-------- SUPPLIED RECORDS

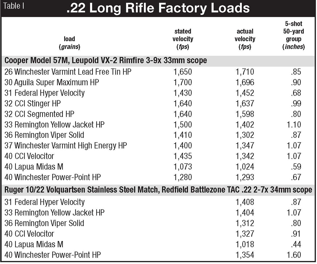 Over the decades, 22 LR rifles have been made in hundreds of models by dozens of manufacturers. The resulting numerous types of chamber lead angles and rifling in those 22 rifles make it impossible that one 22 load shoots accurately in all rifles. For instance, Winchester Power-Points averaged .67 inch for two, five-shot groups shot from the Cooper Model 57M, but averaged 1.60 inches shot from the Volquartsen match barrel on the Ruger 10/22. The Volquartsen barrel, though, more than held its own when shooting other loads.
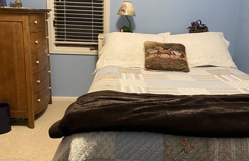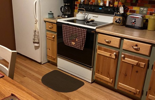 This property is a private home with an extended family living area. Enjoy your privacy with your own parking and separate keyless entry. This short term rental offers a gas grill and hot tub on your back deck to delight in night time stargazing . This one bedroom rental has an adjoining family room with additional beds if needed. The kitchen is fully stocked with what it takes to enjoy preparing a meal. The living room offers a beautiful view of the landscape as well as birdwatching along with the wildlife. So come enjoy the quiet country area of Bellvue.
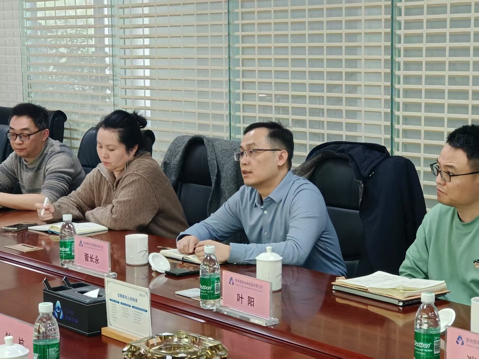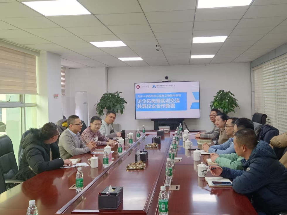 (通讯|周志旭)2025315日,为了加强访企拓岗及校企产学研深度合作,药学院院长潘卫东率队一行四人赴贵州泰邦生物制品有限公司开展合作交流。泰邦生物总经理菅长永、人事总监郑晶晶、生产总监叶阳等陪同座谈。菅长永总经理对贵州大学药学院领导专家一行的到来表示热烈欢迎,并就公司概况、产品研发情况、主营业务布局、新厂区建设等做了介绍。
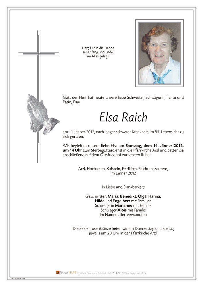 Friedhof Arzl im Pitztal, † 11.01.2012 (82 Jahre)
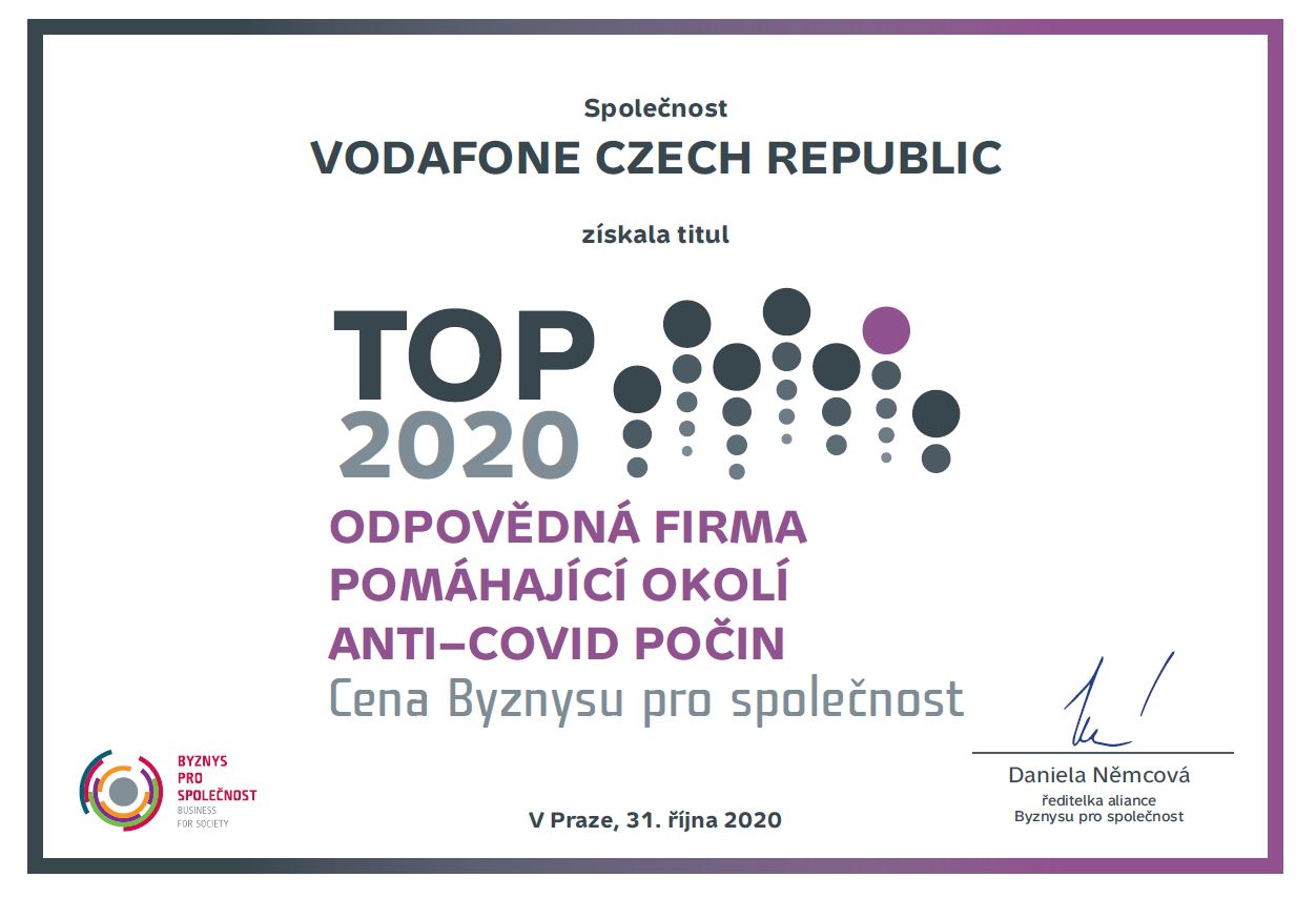 Společnost Vodafone získala ocenění za aktivitu své Nadace Vodafone v prestižním hodnocení žebříčku TOP Odpovědná firma, a to sice v subkategorii TOP Odpovědná firma pomáhající okolí – Anti-COVID počin, která byla vyhlášena výjimečně pro rok 2020. Vodafone uspěl s projektem mobilní aplikace Bright Sky pro řešení domácího násilí.
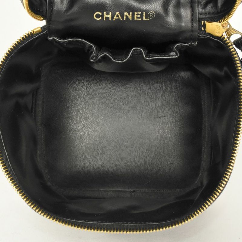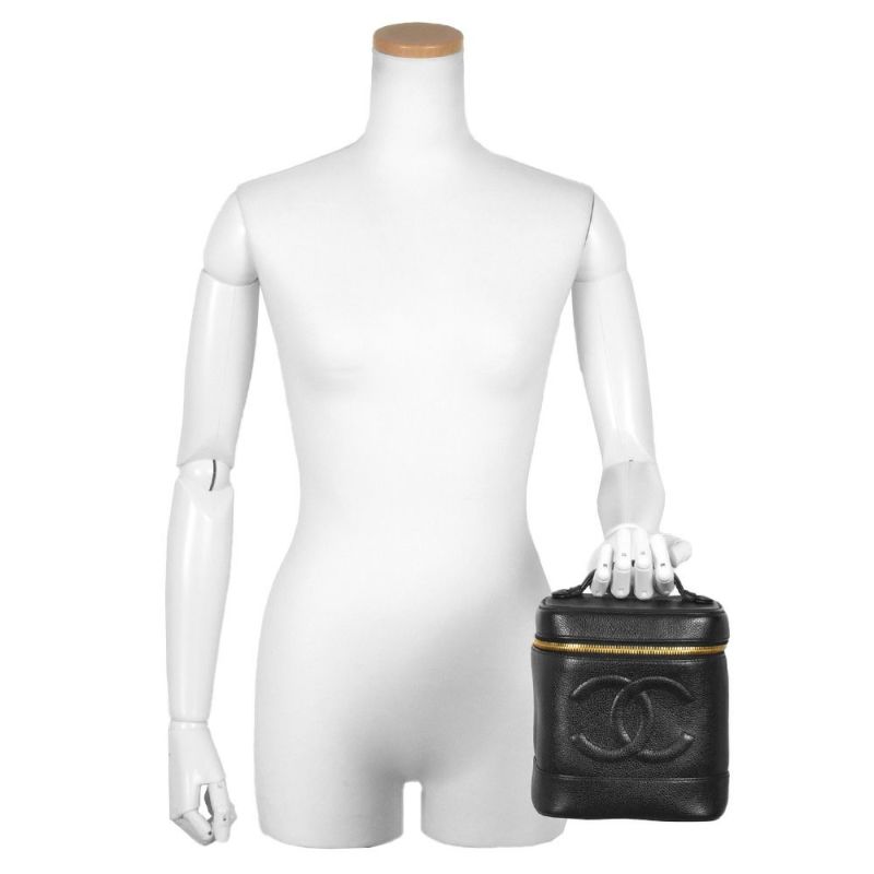 5. シャネル CHANEL バニティ バッグ 化粧ポーチ キャビアスキン ブラック レディース【中古】

----------------

Output exactly the lines from the first line of the records through the line containing "Friedhof Arzl im". Leave out every picture.

 Over the decades, 22 LR rifles have been made in hundreds of models by dozens of manufacturers. The resulting numerous types of chamber lead angles and rifling in those 22 rifles make it impossible that one 22 load shoots accurately in all rifles. For instance, Winchester Power-Points averaged .67 inch for two, five-shot groups shot from the Cooper Model 57M, but averaged 1.60 inches shot from the Volquartsen match barrel on the Ruger 10/22. The Volquartsen barrel, though, more than held its own when shooting other loads.
 This property is a private home with an extended family living area. Enjoy your privacy with your own parking and separate keyless entry. This short term rental offers a gas grill and hot tub on your back deck to delight in night time stargazing . This one bedroom rental has an adjoining family room with additional beds if needed. The kitchen is fully stocked with what it takes to enjoy preparing a meal. The living room offers a beautiful view of the landscape as well as birdwatching along with the wildlife. So come enjoy the quiet country area of Bellvue.
 (通讯|周志旭)2025315日,为了加强访企拓岗及校企产学研深度合作,药学院院长潘卫东率队一行四人赴贵州泰邦生物制品有限公司开展合作交流。泰邦生物总经理菅长永、人事总监郑晶晶、生产总监叶阳等陪同座谈。菅长永总经理对贵州大学药学院领导专家一行的到来表示热烈欢迎,并就公司概况、产品研发情况、主营业务布局、新厂区建设等做了介绍。
 Friedhof Arzl im Pitztal, † 11.01.2012 (82 Jahre)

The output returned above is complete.